The meteorological factor variables used in the included studies mainly consisted of rainfall/precipitation (34 studies), average/minimum/maximum temperature (33 studies), relative humidity (20 studies), and wind properties (three studies). Of these four meteorological factors, precipitation was most frequently associated with the selected climate-sensitive communicable diseases, followed by temperature, relative humidity, and wind properties. Of 23 studies reporting on dengue incidence, more than half reported a positive association between temperature (n = 17, 74%) and precipitation (n = 16, 70%) with dengue incidence. Furthermore, ten studies (43.5%) and three studies (13%) reported a positive association between relative humidity and wind properties, respectively, with dengue incidence. For malaria incidence, the majority of the studies reported a positive association with temperature (ten studies, 91%) and precipitation (nine studies, 81.8%). For the association between relative humidity and malaria incidence, five studies (45.5%) reported a positive association and three studies (27.3%) reported a negative association. No study reported an association between wind properties with malaria incidence. Two of three studies showed a positive association between temperature and precipitation with cholera cases. Additionally, Magny et al. [59] reported a positive association between chlorophyll A anomaly with cholera cases, while Reyburn et al. [60] reported a negative association. Lastly, Dhewantara et al. reported a positive association between temperature and precipitation with leptospirosis [61]. Table 3 summarizes the meteorological factors associated with the selected climate-sensitive communicable diseases. The other covariates included in the studies were duration of sunshine, El Niño-Southern Oscillation (ENSO), Indian Ocean Dipole (IOD), sea surface height (SSH), sea surface temperature (SST), sea level pressure, ocean chlorophyll concentration (OCC), and average river level. Some of the studies also included covariates related to landscape, such as normalized difference vegetation index (NDVI) and modified normalized difference water index (MNDWI), as well as covariates related to socio-economics, such as piped-water access, human migration, and population growth.

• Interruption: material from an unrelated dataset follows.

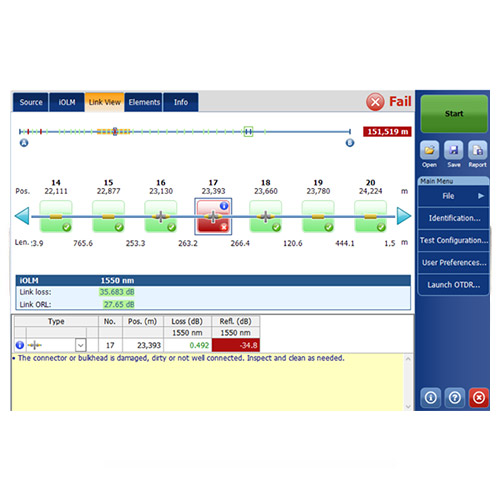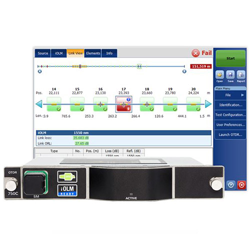 Das FTBx-750C kann mit der OTDR-basierten iOLM-Anwendung betrieben werden. iOLM wandelt die OTDR-Messung in eine vollständig automatisierte, intelligente Analyse um. Die Software führt den Anwender durch alle notwendigen Schritte und liefert sofort verständliche, grafisch aufbereitete Ergebnisse. Fehlerquellen werden minimiert und auch weniger erfahrene Techniker können zuverlässige Messungen durchführen.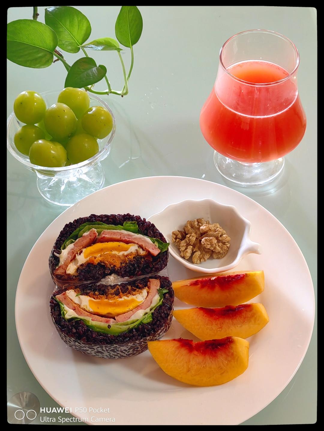 紫米饭团,黄桃,葡萄,蕃茄汁

3.3. Projection of Climate-Sensitive Communicable Diseases

For the projection of dengue incidence in the event of climate change, Colon–Gonzales et al. reported that, under three climate scenarios (A1B, A2, B1), the mean annual dengue incidence across Mexico would increase around 12–18% by 2030, 22–31% by 2050, and 33–42% by 2080 [30]. A similar study conducted in Dhaka, Bangladesh, reported that dengue incidence would increase by 1.5 times if ambient temperatures increased by 1 °C in 2100 relative to 2010. If the temperature increases by 2 °C, the incidence of dengue would increase by seven times, and the worst-case scenario of a 3.3 °C rise would increase dengue incidence in Dhaka by 43 times in 2100 relative to 2010 [27]. In Guangzhou, China, Li et al. reported that under climate scenario Representative Concentration Pathway (RCP) 2.6, the overall incidence of dengue fever would be low, as would the occurrence of high numbers of cases. However, the overall incidence and the occurrence of high numbers of cases would increase under climate scenario RCP8.5 [37].
For malaria projection, Kwak et al. reported a gradually increased trend of malaria in Korea during a simulation using the RCP4.5 climate change scenario and the CNCM3 climate model. The maximum occurrence shifted from August (during 2010–2011) to July (using simulation data of 2011–2100). In the future, malaria occurrence would continually increase between April and July (before the rainy season in the summer) compared to between June and August in 2010–2011 [52]. Asadgol et al. reported that, under RCP8.5, the trend of cholera cases in Iran would increase by 2050. For the next 30 years, the seasonal pattern of cholera will change and the highest cases will be observed during spring and summer. The average monthly cholera cases will be highest in August if compared to the baseline data [11].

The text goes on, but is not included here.